I agree with Dustin that caring is critical to creating well-designed
products, but fear the desire for perfection getting in the way of releasing.

------
tptacek
"More trouble than it's any reasonable person would have expected it to be
worth" turns out to be a pretty good description of modern exploit
development. For instance, from Derek Soeder:

 _The author's proof-of-concept exploit uses this technique to implement a
six-stage approach, comprising: (1) the replacement INT 10h handler, a tiny,
low-byte arithmetic / PUSH / Jcc sequence that computes the offset of the next
stage, pushes it, and branches to a nearby RET, RETF, or IRET; (2) a larger,
low-byte sequence stored over the 8x8 graphics font table (hopefully in video
BIOS ROM pointed to by the INT 1Fh vector) that computes the bytes of the next
stage, pushes them onto the stack, and branches to a nearby RETF or IRET; (3)
a small, base-64-like decoder that decodes and executes the next stage, which
was also stored in the font table; (4) a loader that reads the subsequent
stages into RAM from the "guestinfo" database via the VMware backdoor
interface, decodes them, and executes the next stage; (5) the main V86-mode
payload, which prepares the next stage to execute in ring 0 using the
appropriate, aforementioned HAL or NTOSKRNL infiltration technique; and (6)
the main kernel payload, which creates an interrupt gate for convenient kernel
access and cleans up the environment so that execution can resume without
crashing.
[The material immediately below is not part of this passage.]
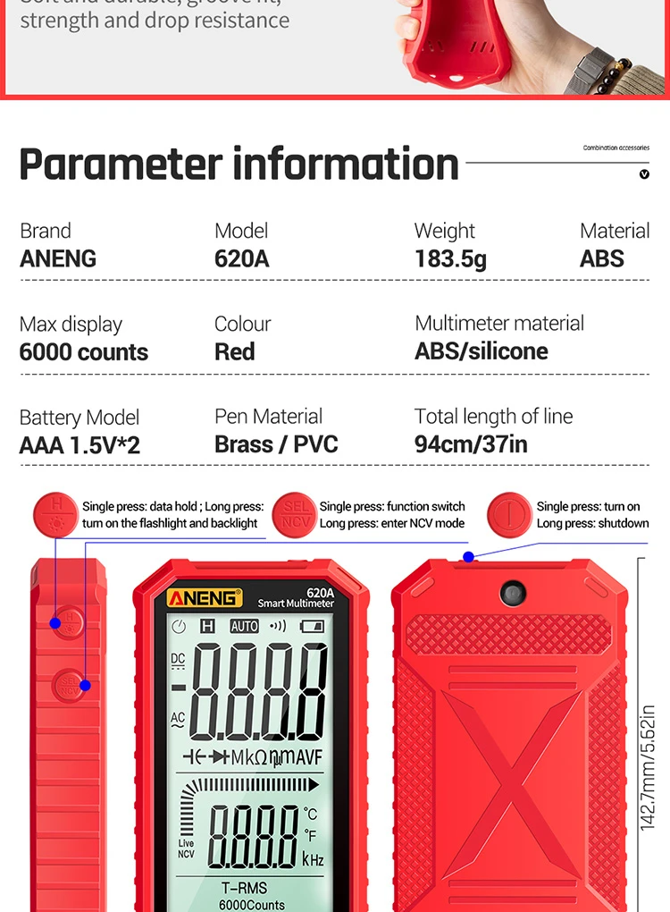 Цифровой мультиметр ANENG 620A, 4,7 дюйма, ЖК-дисплей, ACDC, ультра...

The Win32 portion of the exploit can then use the interrupt gate as
needed._

(This is, of course, art, and it's hanging on the wall in our Chicago office.)

------
peterjmag
Wow, Dustin sure has been prolific on HN lately. Four front page articles in
the last few days. Prior to this week, he popped up in my news reader maybe
once a month.

I'm not complaining, mind you. Just acknowledging and applauding his renewed
motivation to write.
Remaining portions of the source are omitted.